Я знал в нашем местечке одного Хаима. Он работал на почте шофером. Но он никак не мог придумать имя тете Двоси. Он был приезжий со Славгорода. А тетю Двосю звали Двосей до его приезда. Мне захотелось спросить, кто этот Хаим, что придумал ей имя. Но я не спросил. А тетя Двося в это время вспомнила, что надо в ответ на принесенный лэках давать свои сладости. Она засуетилась и поспешила на кухню, откуда вышла с большим тортом.

– Что бы и у вас был год сладкий! Как чувствовала что-то. Утром встала, и захотелось испечь Наполеон,– обрадованная сказала она, – я уже год, как не делала его. Кихлами с Дусей обходимся. А сегодня захотелось спечь, – повторила она и стала укладывать торт в мою корзинку.

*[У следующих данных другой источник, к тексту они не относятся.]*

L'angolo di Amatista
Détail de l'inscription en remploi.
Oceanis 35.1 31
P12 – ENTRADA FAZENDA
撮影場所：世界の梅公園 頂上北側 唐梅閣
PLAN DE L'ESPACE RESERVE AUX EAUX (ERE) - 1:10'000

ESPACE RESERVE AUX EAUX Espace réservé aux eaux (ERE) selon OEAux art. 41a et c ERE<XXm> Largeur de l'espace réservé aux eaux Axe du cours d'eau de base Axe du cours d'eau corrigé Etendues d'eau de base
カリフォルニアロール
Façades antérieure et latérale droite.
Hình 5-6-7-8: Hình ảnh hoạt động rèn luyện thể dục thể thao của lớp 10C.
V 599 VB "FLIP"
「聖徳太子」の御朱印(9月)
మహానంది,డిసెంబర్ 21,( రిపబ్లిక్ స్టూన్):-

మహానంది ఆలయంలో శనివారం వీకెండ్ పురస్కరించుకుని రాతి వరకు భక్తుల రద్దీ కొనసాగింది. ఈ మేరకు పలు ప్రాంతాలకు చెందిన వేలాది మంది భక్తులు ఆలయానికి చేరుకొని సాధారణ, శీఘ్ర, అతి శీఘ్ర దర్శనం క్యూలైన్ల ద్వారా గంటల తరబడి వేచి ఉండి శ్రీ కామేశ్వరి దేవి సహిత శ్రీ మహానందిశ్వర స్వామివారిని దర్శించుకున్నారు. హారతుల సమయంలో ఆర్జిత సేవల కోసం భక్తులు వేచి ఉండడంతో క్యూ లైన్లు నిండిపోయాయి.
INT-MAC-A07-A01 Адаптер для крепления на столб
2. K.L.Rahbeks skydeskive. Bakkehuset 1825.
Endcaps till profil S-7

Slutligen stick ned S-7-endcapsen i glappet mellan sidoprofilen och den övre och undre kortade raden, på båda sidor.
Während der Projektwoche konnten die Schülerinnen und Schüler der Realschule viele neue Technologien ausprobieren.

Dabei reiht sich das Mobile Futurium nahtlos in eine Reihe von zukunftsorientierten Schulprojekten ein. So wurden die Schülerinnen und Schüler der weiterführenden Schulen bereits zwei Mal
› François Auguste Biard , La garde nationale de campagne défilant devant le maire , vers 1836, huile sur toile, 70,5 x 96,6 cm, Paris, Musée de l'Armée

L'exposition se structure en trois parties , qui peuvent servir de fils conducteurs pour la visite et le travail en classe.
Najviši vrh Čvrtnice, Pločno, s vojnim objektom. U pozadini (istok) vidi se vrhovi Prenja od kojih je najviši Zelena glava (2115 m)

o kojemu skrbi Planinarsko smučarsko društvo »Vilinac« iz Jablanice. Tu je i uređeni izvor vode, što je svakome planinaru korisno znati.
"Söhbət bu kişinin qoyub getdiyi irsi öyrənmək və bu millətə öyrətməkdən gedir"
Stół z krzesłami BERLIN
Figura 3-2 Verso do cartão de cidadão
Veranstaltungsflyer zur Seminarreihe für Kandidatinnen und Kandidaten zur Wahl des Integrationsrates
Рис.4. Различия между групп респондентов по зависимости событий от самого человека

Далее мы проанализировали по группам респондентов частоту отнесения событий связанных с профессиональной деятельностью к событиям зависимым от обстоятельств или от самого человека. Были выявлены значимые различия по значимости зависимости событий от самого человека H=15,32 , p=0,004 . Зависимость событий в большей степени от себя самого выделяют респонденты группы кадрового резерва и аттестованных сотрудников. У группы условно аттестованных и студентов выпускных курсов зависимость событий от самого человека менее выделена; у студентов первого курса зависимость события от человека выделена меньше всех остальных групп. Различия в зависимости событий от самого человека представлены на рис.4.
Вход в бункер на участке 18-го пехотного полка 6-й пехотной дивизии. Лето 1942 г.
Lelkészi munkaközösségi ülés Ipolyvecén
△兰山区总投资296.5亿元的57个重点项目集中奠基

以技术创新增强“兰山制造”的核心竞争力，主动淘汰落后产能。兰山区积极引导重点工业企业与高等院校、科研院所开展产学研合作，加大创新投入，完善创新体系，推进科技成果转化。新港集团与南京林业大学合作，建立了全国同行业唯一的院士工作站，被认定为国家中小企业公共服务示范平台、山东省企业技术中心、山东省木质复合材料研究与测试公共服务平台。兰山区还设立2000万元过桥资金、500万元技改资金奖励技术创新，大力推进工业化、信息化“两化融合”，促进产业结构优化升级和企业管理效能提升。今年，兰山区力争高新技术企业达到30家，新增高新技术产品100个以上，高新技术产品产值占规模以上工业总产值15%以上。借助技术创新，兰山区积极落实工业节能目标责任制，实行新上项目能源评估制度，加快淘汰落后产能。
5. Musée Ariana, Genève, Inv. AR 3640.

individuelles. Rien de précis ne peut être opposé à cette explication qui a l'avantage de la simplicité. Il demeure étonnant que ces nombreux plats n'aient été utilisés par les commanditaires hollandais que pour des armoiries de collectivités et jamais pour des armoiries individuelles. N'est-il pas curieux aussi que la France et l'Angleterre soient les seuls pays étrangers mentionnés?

– Весь нам?! – не поверил я своим глазам.

– Весь, – кивнула тетя Двося. – Кушайте на здоровье!

Никто нам никогда не давал в ответ на кусочек лэкаха огромный торт!


2


Солдаты Первой Мировой войны возвращались в местечко поодиночке. Возвращались по-разному. Кто с революционными лозунгами в голове и с шашкой на боку, как Мойша, сын местного богача Якова, кто на костылях и с котомкой за плечами, как Лейба, сын Авнера-молочника. Возвращение для многих растянулось на несколько лет, ибо подхваченные волнами гражданской войны, поделенные на красных и белых, втянулись солдаты в новые битвы, еще более безжалостные и кровавые. Каждого вернувшегося солдата – еврея в местечке, как и положено, обсуждали во всех еврейских домах. Правда, не очень долго, ибо события, поглощавшие все более местечко в бурные события тех лет, не оставляли время на мелкие разговоры. Но возвращение Хаима, сына местного ребе Аврума – Берла обсуждали почти год. И причин тому было немало: во-первых в Краснополье Хаима ждала невеста Хая-Цыпа, дочка уважаемого в местечке реб Иосла, и у них был эйврусин, еврейская помолвка, закрепленная родительским словом, во-вторых, Хаим вернулся из плена из неизвестного никому города Нюрнберга, и в-третьих, вернулся с женой, и жена Хаима не говорила ни по идиш, ни по-русски, хотя Хаим уверял всех, что она еврейка и зовут ее Двося-Берта, и в знак доказательства, что все у него с Двосей по еврейскому закону, показывал ктубу, брачное обязательство, скрепленное, как всем утверждал Хаим, личной подписью Нюрнбергского раввина.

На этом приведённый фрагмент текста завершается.